As it happens, the penthouse dining space perfectly accommodated the Napa show house’s custom round table crafted from an antique water mill wheel, as well as a colorful light fixture made from vintage tea lights that Buckingham found in Paris and an oversize contemporary art piece by Chicago artist Linc Thelen. Pocket doors made from antique glass rondeles and a new rug with chain details pull the room together. “Julia’s like a curator—these found objects become pieces of art that you get to live with,” Sarah says of Buckingham’s skill in highlighting modern furnishings and art with vintage, antique and rustic finds that give a room character.
Sarah had originally thought she would transfer many of her furnishings to Scottsdale from the Chicago apartment, which recently sold. But that notion quickly faded. “I wanted the Arizona home to be light and bright,” she says, noting the penthouse has sweeping views of Camelback Mountain, The Phoenician resort and the buttes of Papago Park. “I wanted to have more fun than just recreating my Chicago apartment in Scottsdale.”
And fun is what she got. Those fringed swivel chairs are a nod to the West, but the glossy leather strips go down to the floor like a flapper dress—without a cowboy in sight. Adjacent is a shiny black-and-white console that sits underneath an elaborate black-and-white paper cutout by Richard Shipps. “They’re so much alike, but also so incredibly different, which is the way I like to design,” Buckingham says.

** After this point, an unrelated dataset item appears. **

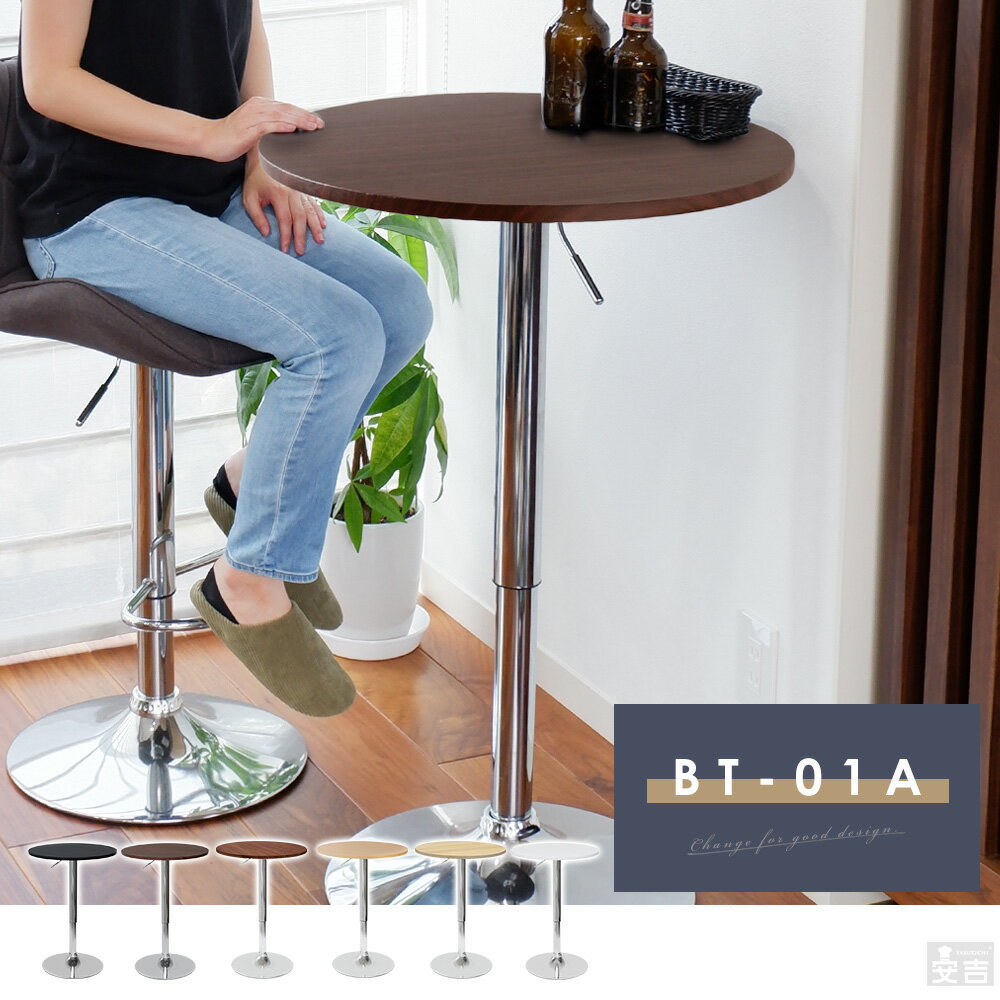 レビュー書いて1000円クーポン進呈中」昇降式バーテーブル40cm幅(2色有)ちょっと使いのテーブル、昇降できて高さ調整!バーテーブル 昇降式 丸型 ラウンド
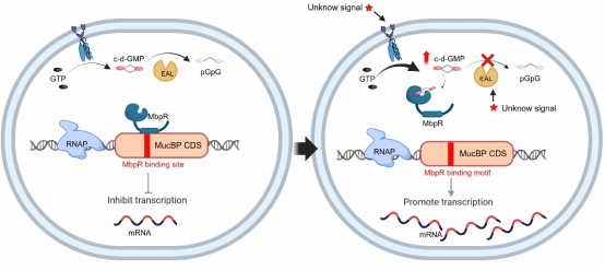环二鸟苷酸(c-di-GMP)作为一种重要的细菌第二信使,调控多种生物功能,但c-di-GMP在植物乳杆菌中的调控作用仍不明确。研究团队揭示了c-di-GMP协同WYL转录因子MbpR共同调控植物乳杆菌肠道适应的分子机制。MbpR与黏蛋白结合蛋白(MucBP)编码区中的特定序列结合,抑制其转录,从而影响植物乳杆菌对肠道上皮细胞的粘附能力。MbpR通过其WYL结构域感知c-di-GMP后与MucBP的编码区分离,逆转了MbpR对MucBP表达的抑制作用,增强了植物乳杆菌的肠道定植能力。该研究为理解益生菌与宿主的互作提供了新视角。该论文英国365集团公司为第一单位,张家超教授为独立通讯作者,副研究员郭权和2024级博士研究生郑磊杰为第一作者。

Buckingham went on to use a dramatic black-gold-and-white tile Sarah chose for the kitchen as a foil for custom pendant lights made from smoky Murano glass and vintage Lucite bangles, which pick up the details of the carved-wood island base that shimmers in gold. In the master bedroom, the designer took a pair of green ombre velvet chairs Sarah saw in her showroom and placed them in front of the fireplace along with crimson fabrics for a daybed and pillows in an adjacent nook. Buckingham also employed a vintage carousel horse she had found on her travels in a bedroom for Sarah’s daughter—a competitive equestrian—as a nod to the white Arabian horses she boards nearby.
Through it all, Sarah kept herself in the dark about her designer’s progress. “I told her to surprise me,” she explains, “and when I finally walked in when it was done, I just felt like I was home. Julia’s ability to put it all together is just magic.”